Une traduction inédite
À juste titre, l'auteur de l'excellente traduction de Gérard Cogez qui paraît chez Zones s'interroge dans son avant-propos: «On peut se demander pourquoi la pièce n'avait pas encore connu de traduction française.» Le traducteur signe en octobre 2019. Sept mois plus tard la vague déclenchée par le meurtre de George Floyd ne rend la question que plus légitime. En juin, la France marche à son tour en réclamant la vérité pour l'affaire Adama et dans les jours qui suivent, les éditions Zones annoncent la sortie prochaine d'une pièce inédite de Baldwin. Le tweet est signé avec le hashtag #BlackLivesMatter.
La traduction était déjà dans les tuyaux, mais elle tombe bien. Elle intervient surtout à un moment où, depuis quelques années, les ventes de livres antiracistes explosent en France comme dans le paysage anglo-saxon. C'est particulièrement vrai depuis la mort de George Floyd, où les titres du genre caracolent en tête des listes d'achat sur Amazon États-Unis et Royaume-Uni. Des essais ou des classiques qui ont en commun d'interroger le privilège blanc ou les inégalités raciales. Au Royaume-Uni, le titre de Reni Eddo-Lodge fait un carton (Why I'm No Longer Talking to White People about Race). La version originale est en rupture de stocks pendant plusieurs semaines, tout comme sa traduction française parue en 2017 chez Autrement (sous le titre Le racisme est un problème de Blancs).
Aux États-Unis, c'est Robin DiAngelo qui s'impose avec son White Fragiliy (La Fragilité blanche, numéro 1 pendant plusieurs semaines et encore aujourd'hui en très bonne place dans le classement des meilleures ventes sur Amazon. L'essai aura droit lui aussi à sa traduction française aux éditions Les Arènes.

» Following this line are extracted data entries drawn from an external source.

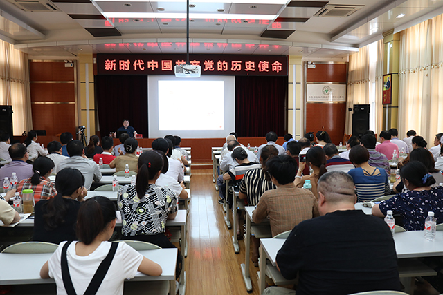 为深入贯彻落实党的十九大精神,适应新要求履行新使命,5月14日下午,我院党委在B座十楼教室举办专题党课。党委书记高宏君以《新时代中国共产党的历史使命》为题,结合党的历史,从“牢记使命 激励前行”“践行使命 面临挑战”“担当使命 四个伟大’”三个方面,为全院各党(总)支部支委及党员干部近120人上了一堂生动的党课,要求各位党员不忘初心和使命,为实现中华民族伟大复兴而不懈奋斗。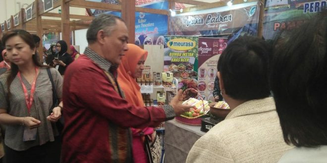 Tangerang – Provinsi Aceh ikut ambil peran dalam Pameran Trade Expo dan Pangan Nusa 2018 yang diselenggarakan di ICE BSD Tangerang Banten. Dalam kegiatan itu, Aceh yang diwakili oleh Dinas Perindustrian dan Perdagangan Aceh itu, memamerkan beberapa produk unggulan lokal.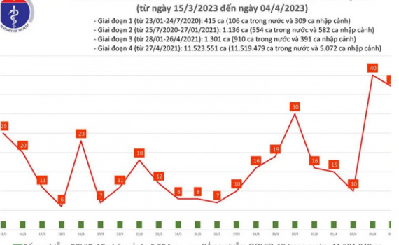 Về tình hình điều trị, theo số liệu do Sở Y tế các tỉnh, thành phố báo cáo hàng ngày trên Hệ thống quản lý của Cục Quản lý Khám, chữa bệnh, Bộ Y tế, trong ngày 4/4, có 3 bệnh nhân được công bố khỏi bệnh, nâng tổng số ca bệnh được điều trị khỏi lên 10.614.991 ca. Hiện có 5 bệnh nhân đang thở oxy qua mặt nạ. Tiếp tục không ghi nhận bệnh nhân tử vong do COVID-19.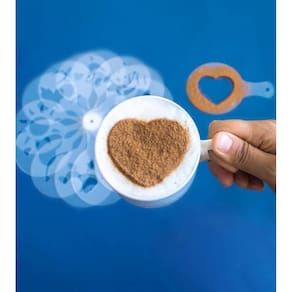 Para bebidas basta apoiar o stancils escolhido na caneca, xícara ou copo e salpicar chocolate em pó ou canela.

La demande du public est croissante, et avec elle –forcément– un débat s'ouvre dans les maisons d'édition comme dans les rédactions: faut-il changer de ton pour parler du racisme? Une question que les éditorialistes traduisent (très) souvent par: peut-on encore penser librement dans les démocraties libérales de l'ère postcoloniale?
Un exemple récent a fait parler au New York Times. Bari Weiss, jeune et brillante journaliste de 36 ans embauchée par le quotidien en 2017, officialisait cet été son départ des pages Opinions du titre ouvertement progressiste et anti-Trump. La «centriste de gauche», que personne ne pouvait accuser de racisme, était réputée pour ses positions modérées. Dans son communiqué de départ, elle dénonce pourtant le «harcèlement» de certain·es de ses collègues très revendicatifs, le tout couvert par le silence complice de la direction du journal. Ce que décrit Weiss témoigne d'une division fondamentale d'un même camp progressiste, partagé par un conflit de générations. Avec d'un côté une vieille garde centriste campée sur des positions universalistes jugées molles, de l'autre une frange de jeunes qui travaillent à la rédaction et à l'édition, et qui s'identifient aux luttes féministes et antiracistes avec une approche intersectionnelle. Aux États-Unis, ces professionnel·les revendiquent leur appartenance à une culture woke, terme issu là encore de l'argot afro-américain pour parler d'un regard éveillé et combatif.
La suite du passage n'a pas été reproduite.